Né le 21 juillet 1914 à Saint-Jacut-de-la-Mer (Côtes-du-Nord, Côtes-d’Armor), fusillé le 31 mai 1944 à Saint-Jacques-de-la-Lande (Ille-et-Vilaine) ; électricien ; résistant membre de l’Organisation civile et militaire (OCM).

Louis, Jean-Baptiste Hesry était le fils de Louis Hesry, mécanicien, né en 1889, et de Jeanne Roussel, ménagère, née en 1891. Demeurant au bourg de Saint-Carné (Côtes-du-Nord, Côtes-d’Armor), il exerçait la profession d’électricien. Associé avec sa sœur, il dirigeait une petite entreprise. Il se maria le 30 décembre 1938 à Dinan avec Madeleine Ollivier, institutrice en poste à Saint-Carné. Le couple avait une fille âgée de 3 ans au moment de son arrestation. Louis Hesry, chef de groupe, a reconstitué le groupe OCM (Organisation civile et militaire) de l’abbé Barré après l’arrestation de ce dernier. Il a participé à plusieurs parachutages et sabotages de lignes de communications ennemies. En contact avec la Résistance FTP, il fit partie du groupe chargé de mener des opérations militaires sensibles dans la région de Dinan et de Vitré (Ille-et-Vilaine). La libération de deux membres de la direction FTP d’Ille-et-Vilaine, Jean-Marie Guérillon et Jean Marguerite, arrêtés le 1er avril à Dinan, devint un objectif majeur. Après une première tentative infructueuse, une vingtaine de résistants puissamment armés de revolvers et de mitraillettes s’introduisirent dans la nuit du 11 au 12 avril 1944 au sein de la prison de Dinan pour les exfiltrer. Cette opération, qui resta dans la mémoire collective comme un fait d’armes relevant de l’épopée, fut menée sous la responsabilité personnelle de Louis Pétri, chef des FTP d’Ille-et-Vilaine. Le 5 mai 1944, Louis Hesry se rendit en compagnie de Charles Maillard au Café Roussel, café des Sports du Hinglé. Les Feldgendarmes de Dinan qui firent irruption dans le café, à 22 h 30, les désarmèrent. Arrêtés ainsi qu’une autre personne se trouvant sur les lieux, ils furent conduits à Dinan où ils furent atrocement torturés à coups de nerfs de bœuf. La troisième personne fut libérée le lendemain sans avoir été maltraitée. Ces arrestations furent la conséquence d’une dénonciation. Transféré à la prison Jacques-Cartier de Rennes, Louis Hesry fut jugé le 30 mai et condamné à la peine de mort. Le lendemain, 31 mai 1944, il a été fusillé à 6 h 35 au camp militaire de La Maltière en Saint-Jacques-de-la-Lande avec ses neuf camarades : Marcel Blanchard, Jean-Baptiste Brault, René Fayon, Jean Garnier, Francis Lafranche, Henri Laplanche, Charles Maillard, Jean Perquis et Hippolyte Thomas.
Louis Hesry avait trente ans. Il fut d’abord inhumé au cimetière de l’Est à Rennes. Exhumé le 16 septembre 1944, il fut réinhumé au cimetière de Dinan le 18 septembre 1944. Son nom figure sur La plaque du camp de La Maltière en Saint-Jacques-de-la-Lande et sur Le monument de la Résistance et de la Déportation à Dinan.

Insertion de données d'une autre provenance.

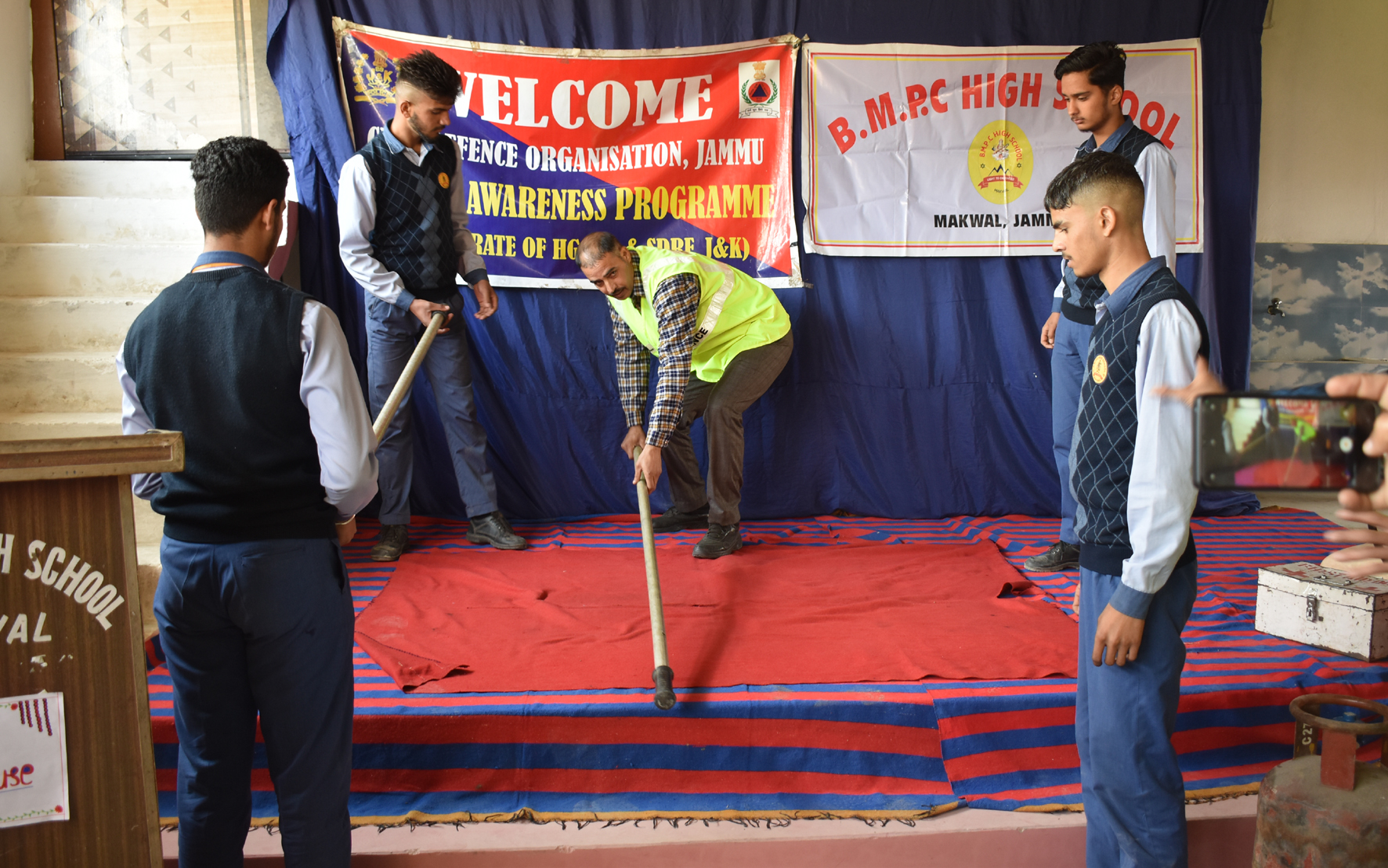 Early Times Report JAMMU, Feb 27: One day awareness programme was held at B.M.P.C High School, Makwal Satwari, Jammu which was organized under the supervision of Deputy Controller Civil Defence, Jammu. 100 Students of the School have attended the awareness programme. Awareness about the basic knowledge of First Aid, Fire fighting, CPR, Chocking especially on Drug addiction and other life saving techniques were given to the trainees by the Civil Defence expert. During the programme demonstration on the above said topics was also presented by the Civil Defence team. The main aim of the awareness programme was to educate students with regard to preventive measures during natural or man-made disasters. On the Occasion Rakesh Sharma, Principal of the High School appreciated and thanked the Civil Defence team for organizing such programme. Paramjit Kumar Chief Warden CD Jammu, R. Vijay Magotra, Dy. Chief Warden CD, Jammu, Yashpaul, Vice Principal of the School, Raj Kumar, Dy. Post Warden CD, Jammu, SI Ram Dayal Saini, Sub- Inspector, in charge Civil Defence Trainings and other staff of the School also present on the occasion. |

Site des Lieux de Mémoire du Comité pour l’Étude de la Résistance Populaire dans les Côtes-du-Nord
Sources

SOURCES : Arch. Dép. Côtes-d’Armor, 68J2, 2W111. – « Épopées glorieuses de la Résistance dans les Côtes-du-Nord », Les Cahiers de la Résistance populaire dans les Côtes-du-Nord, no 2 (1995). – Louis Pétri, Les hommes du Maquis, Le Patriote de l’Ouest, 1945. – Collectif, Le peuple des carrières, Éd. Apogée, 2011. – Alain Prigent, Serge Tilly, « Les fusillés et les décapités dans les Côtes-du-Nord (1940-1944) », Les Cahiers de la Résistance populaire dans les Côtes-du-Nord, no 12, 2011. – Serge Tilly, « L’occupation allemande dans les Côtes-du-Nord (1940-1944), Les lieux de mémoire », Les Cahiers de la Résistance populaire dans les Côtes-du-Nord, no 10, 2004 et no 11, 2005. – État civil, Saint-Jacut-de-la-Mer. – Entretien, en 2011, avec sa fille, Mme Jeanne Zicolillo, demeurant à Saint-Carné. – Documents remis par la famille.